Available data:
● ● ● ●

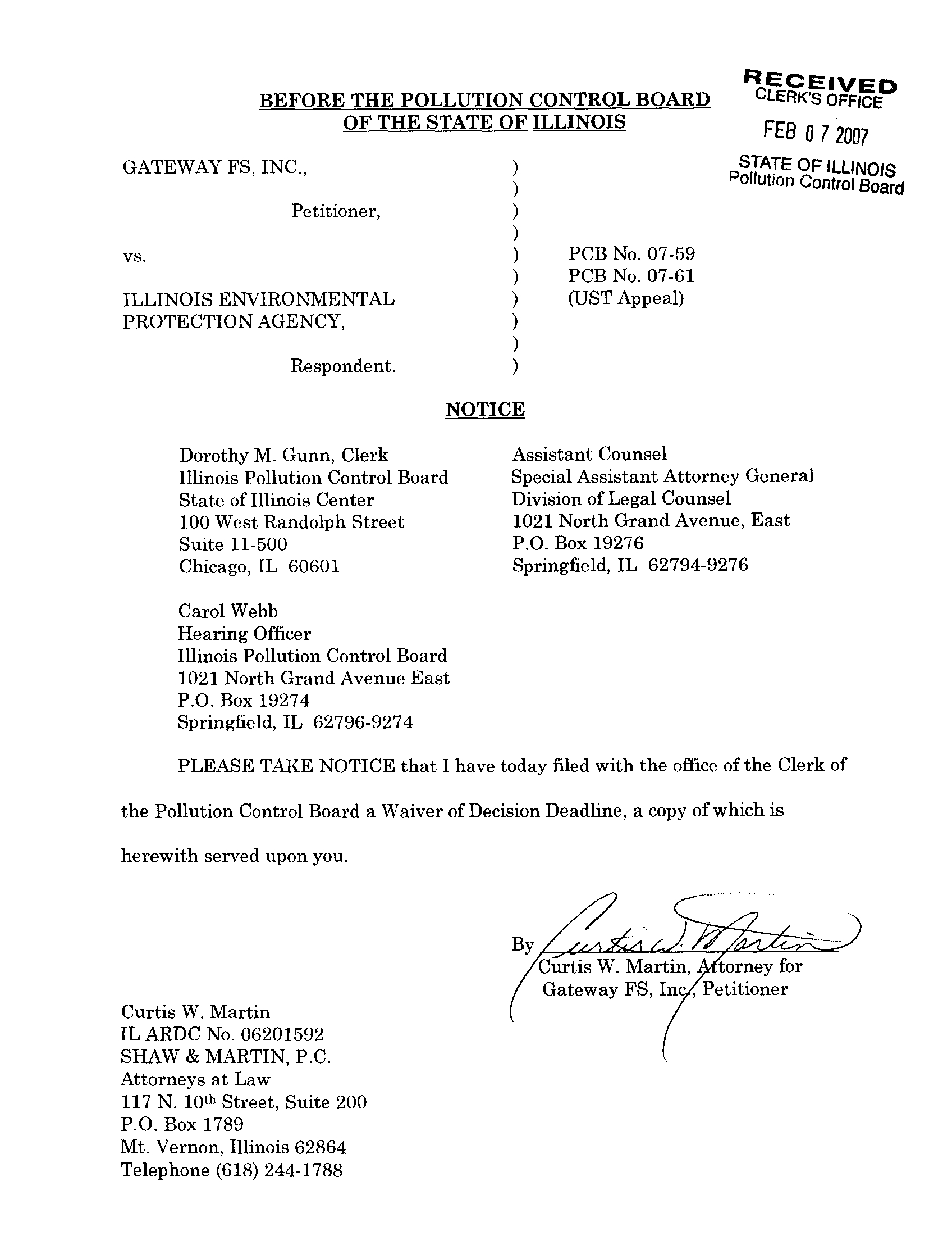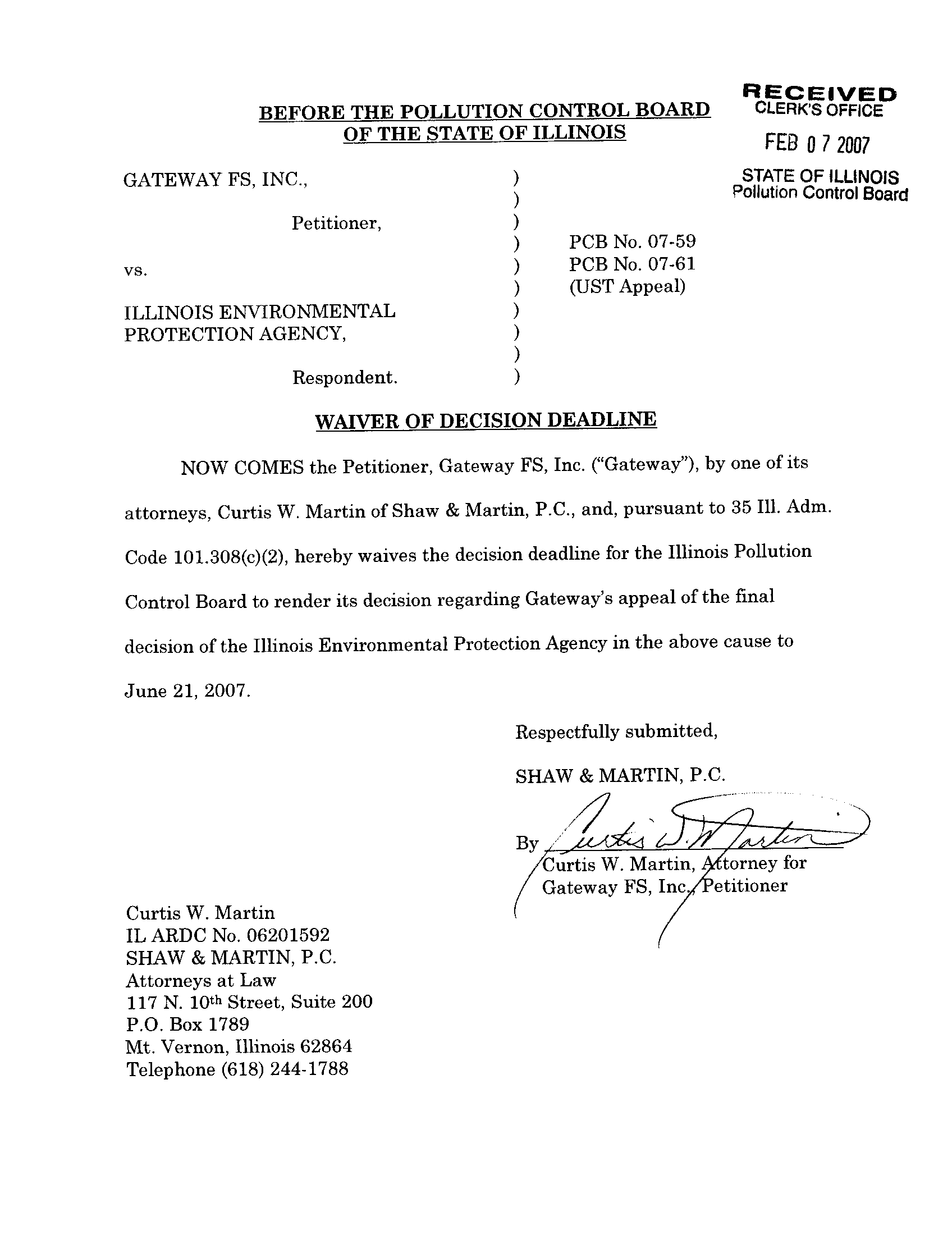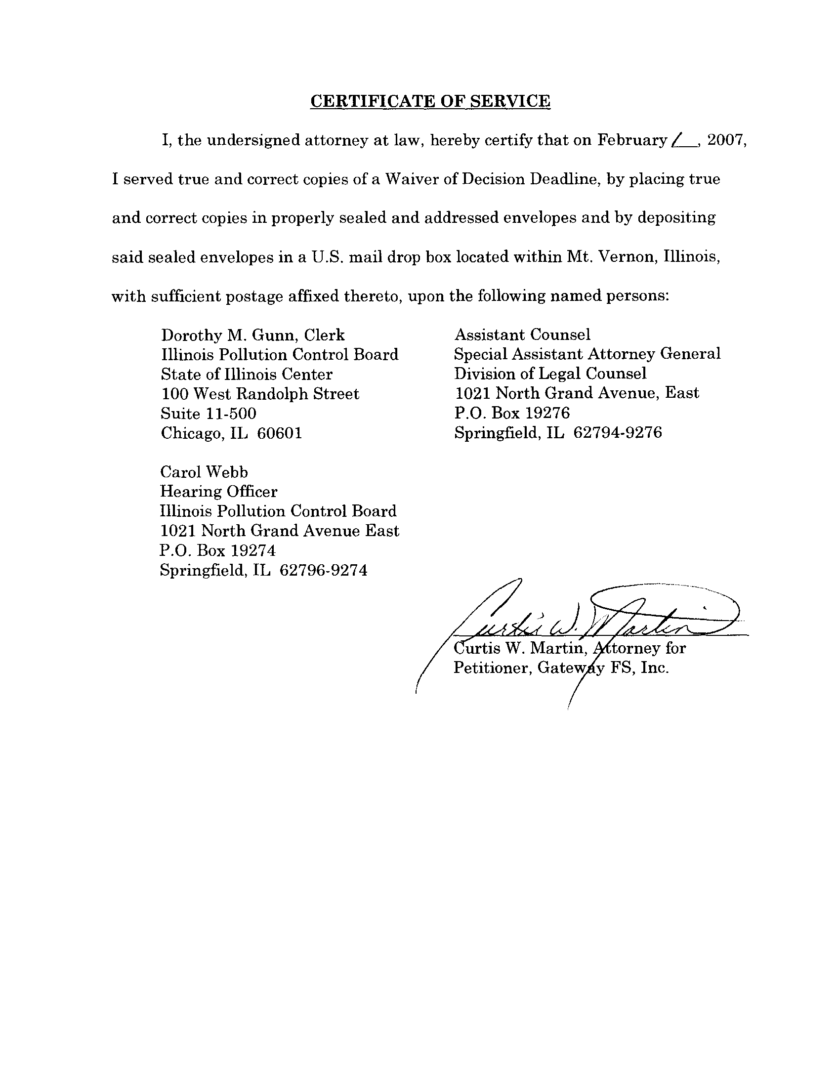 the Pollution Control Board a Waiver of Decision Deadline, a copy of which is
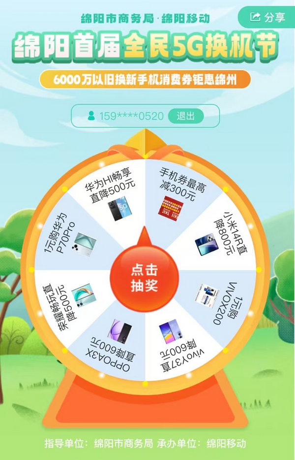 客戶通過綿陽移動營業(yè)廳現(xiàn)場辦理或掃本次活動二維碼參加消費券抽獎,然后到指定移動營業(yè)廳參與活動即可。
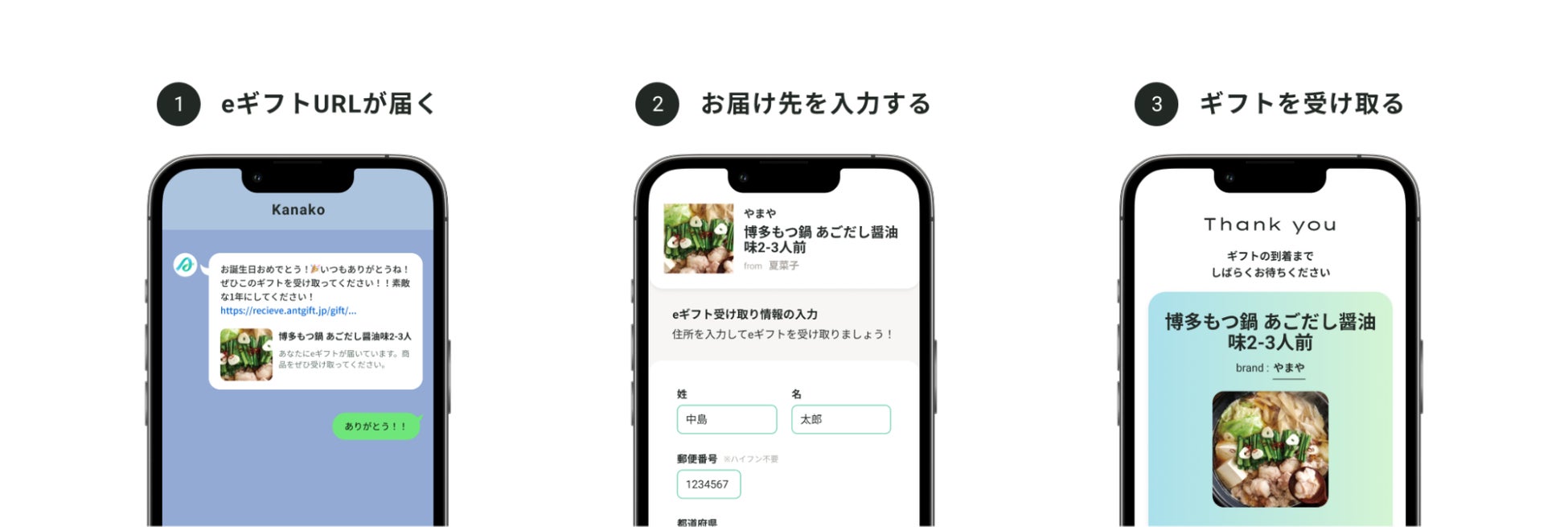 eギフトURLから住所を入力いただくだけで対象商品が届きます

● ● ● ●

About this exercise: Return the material exactly as given above, picture-free.

Worked solution:
 the Pollution Control Board a Waiver of Decision Deadline, a copy of which is
 客戶通過綿陽移動營業(yè)廳現(xiàn)場辦理或掃本次活動二維碼參加消費券抽獎,然后到指定移動營業(yè)廳參與活動即可。
 eギフトURLから住所を入力いただくだけで対象商品が届きます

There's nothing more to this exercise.